Tu hai girato il film "Io Don Giovanni" di Carlos Saura che è stato presentato all'ultima edizione del Festival del Cinema di Roma, e interpretavi un personaggio molto famoso : Wolfagang Amadeus Mozart. Come ti ha "trovato" Carlos Saura, e come ti sei preparato ad interpretare un personaggio così noto.

La cosa è divertente, io prima di fare "Io Don Giovanni" avevo fatto solamente un'altra piccola cosa, L'Unione Italiana Casting, seleziona ogni anno un po' di ragazzi per fargli fare un film a episodi promozionale, e nel 2004 io avevo fatto uno di questi che si chiamava "Colpo di pistola", e poi non avevo fatto altre cose.

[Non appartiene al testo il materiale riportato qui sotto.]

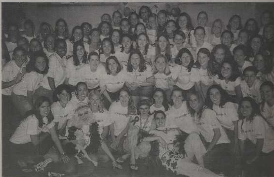
Have a Happy Summer! Thank you for all your support. Best wishes, Kappa Delta Sisters
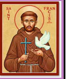
St Francis of Assisi, Landsborough
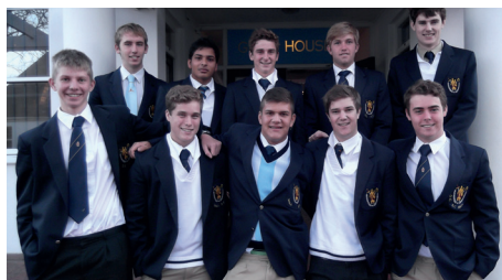
Gray House 13-year tie recipients
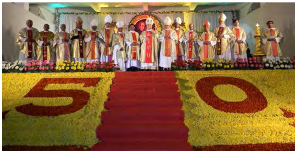
Thousands of red and yellow flowers were painstakingly set in place as part of the elaborate decorations for the Mass and celebration of the 50th anniversary of Pallotti's Canonization.

After the Mass, the day's festivities were marked with a cultural programme that included a play on the life of St. Vincent and various folk dances from the various regions where the Pallottines have their missions.
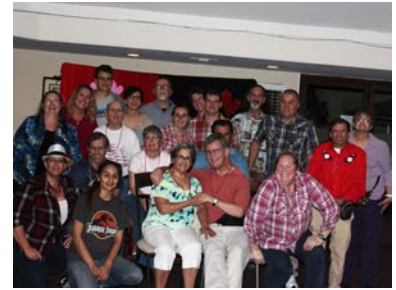
(Above) Valentine's Day Sadie Hawkins Dance.
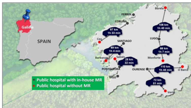
Figure 3: Distribution of public healthcare hospitals in Galicia. Distances and time by car from public hospitals without MR to the nearest public hospital with an in-house MR

Mobile MRI units cover various locations, including all the seven public second level hospitals without in-house MRI magnets, and five public third level hospitals across Galicia's four provinces (A Coruña, Lugo, Ourense, Pontevedra), in an area of 29,574 km 2 , contributing to serve a population of 2.7 million inhabitants (Figure. 3) [6].
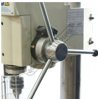
Drilling depth stop setting with scale
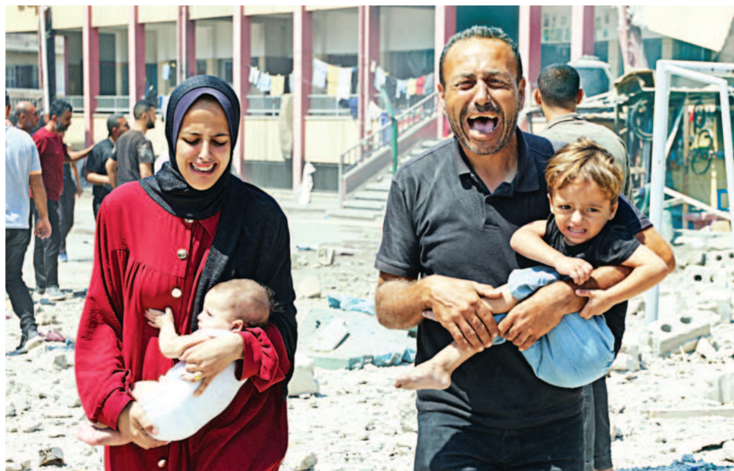
Palestinians carry their children as they flee after an Israeli strike on a school, housing displaced Palestinians, in the Rimal neighbourhood of central Gaza City yesterday.
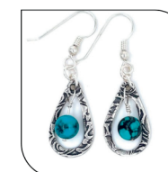
038 DROPLET $24 EACH; MIN: 1
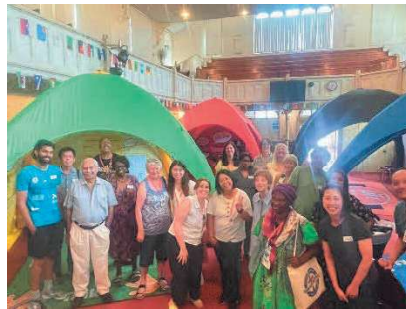
Life Expo Team at Manor Park Christian Centre

Life Expo was held at one location and reached 450 Year 6 pupils (10- & 11-year-olds) from 6 different schools . This year the host church coordinated the volunteers while Faith in Schools coordinated the schools.
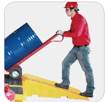
Poly spill pallet ramps make it easier to move large articles

Nel maggio dello scorso anno mi chiamò Laura Muccino, perchè sapeva che io suonavo il pianoforte, mi disse che serviva un attore che sapesse anche suonare un po' il piano...per cosa non mi fu detto. Andai là a fare questo provino, dove c'era anche Lorenzo Balducci (nel film interpreta Lorenzo Da Ponte il librettista del Don Giovanni di Mozart). Passa un po' di tempo, mi dicono che Carlos Saura stava cercando un ragazzo per interpretare Mozart, aveva visto il mio provino , gli era piaciuto e mi voleva incontrare, c'è stato quindi un secondo provino con Carlos, e quindi mi hanno preso per fare il film. Ci sono degli aneddoti rocamboleschi sulle mie uscite sul set, ad esempio alla prova costume ho sbagliato prova è ho fatto la prova con le comparse,entrai in una grande stanza dove il ragazzo della costumeria mi ha dato dei panni da contadino, e io pensavo..mi piace questa cosa siamo tutti insieme, poi l'aiuto regista mi ha riconosciuto e ha detto ma devi fare Mozart che stai a fare qui! Mi hanno imparruccato a dovere, vestito come una specie di punk settecentesco. Io comunque l'interpretazione l'ho affrontata un po' in maniera punk, nel senso che io Mozart lo conoscevo per aver studiato musica da bambino e poi da ragazzo, e attraverso altre letture musicali mie di questi anni, per cui non mi sono particolarmente documentato per il film, ho lavorato su quella che era la mia memoria su Mozart, per far venir fuori la cosa più originale, e più mia possibile, volevo fare un lavoro in cui mi riconoscessi, volevo rendere non tanto la mimica di Mozart, ma il suo entusiasmo, la sua passione, del divertimento, dell'allegria, e della necessità di fare musica che questo gigante aveva e che ha fatto arrivare fino a noi. Mi sono preparato, anche dimenticando come lo avevano interpretato altri attori, perchè credo sia un po' un ostacolo, ad esempio Tom Hulce nel bellissimo film "Amadeus" di Milos Forman, aveva fatto un lavoro di un certo tipo, anche un lavoro importante, però essendo il taglio del film di Saura diverso, con un Mozart preso già negli ultimi anni della vita, io preferito fare più di testa mia. Sul set mi sono trovato benissimo, Carlos Saura è una persona rara, straordinaria, il maestro Vittorio Storaro mi sono trovato molto bene. C'era un clima di lavoro idela non avrei potuto chiedere un esordio più facile.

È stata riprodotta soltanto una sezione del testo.